Top of Material provided

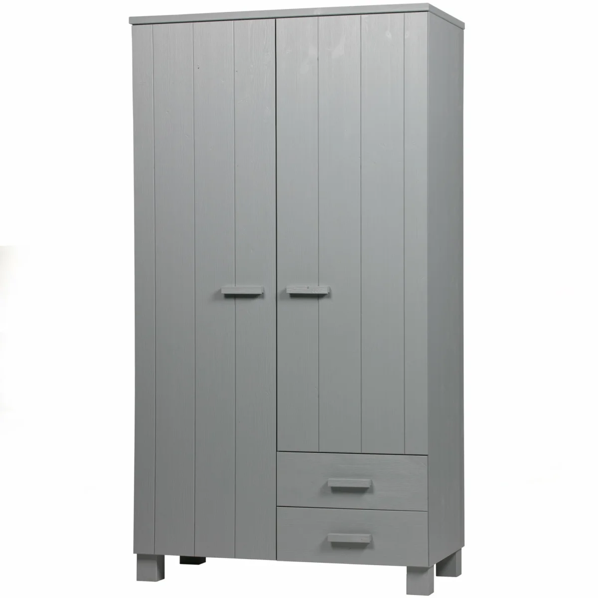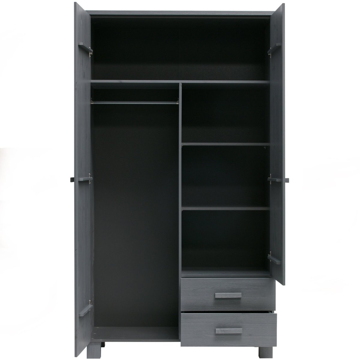 Het interieur van de kast is praktisch ingedeeld met een brede legplank bovenin, een gedeelde roede aan de linkerkant, en aan de rechterkant drie gedeelde legplanken, plus een handig ladeblok met twee lades. Deze veelzijdige kast maakt deel uit van de Dennis-serie, die ook een bedbank, een bureau, een opbergkist, een nachtkastje en een wandplank omvat, waardoor je een complete en stijlvolle kamer kunt creëren.
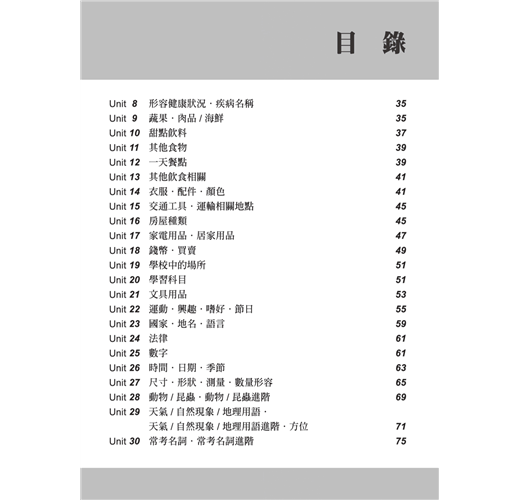 ◆ 最新版分類單字依照英檢中心提供之2200字初級單字表,整理出50種主題分類,易學、易背。
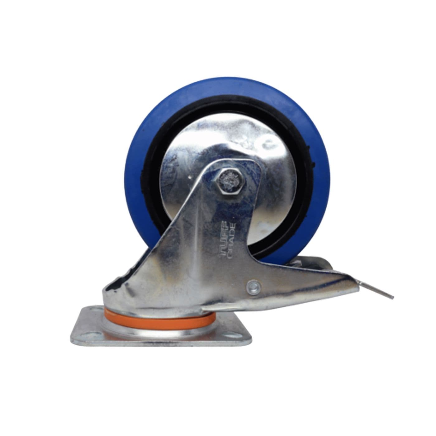 Roulette pivotante avec frein en acier et caoutchouc bleu, 4 po, 330 lb

Bottom of Material provided

Write the material out again exactly. Do not include the pictures.

### Response to the exercise
 Het interieur van de kast is praktisch ingedeeld met een brede legplank bovenin, een gedeelde roede aan de linkerkant, en aan de rechterkant drie gedeelde legplanken, plus een handig ladeblok met twee lades. Deze veelzijdige kast maakt deel uit van de Dennis-serie, die ook een bedbank, een bureau, een opbergkist, een nachtkastje en een wandplank omvat, waardoor je een complete en stijlvolle kamer kunt creëren.
 ◆ 最新版分類單字依照英檢中心提供之2200字初級單字表,整理出50種主題分類,易學、易背。
 Roulette pivotante avec frein en acier et caoutchouc bleu, 4 po, 330 lb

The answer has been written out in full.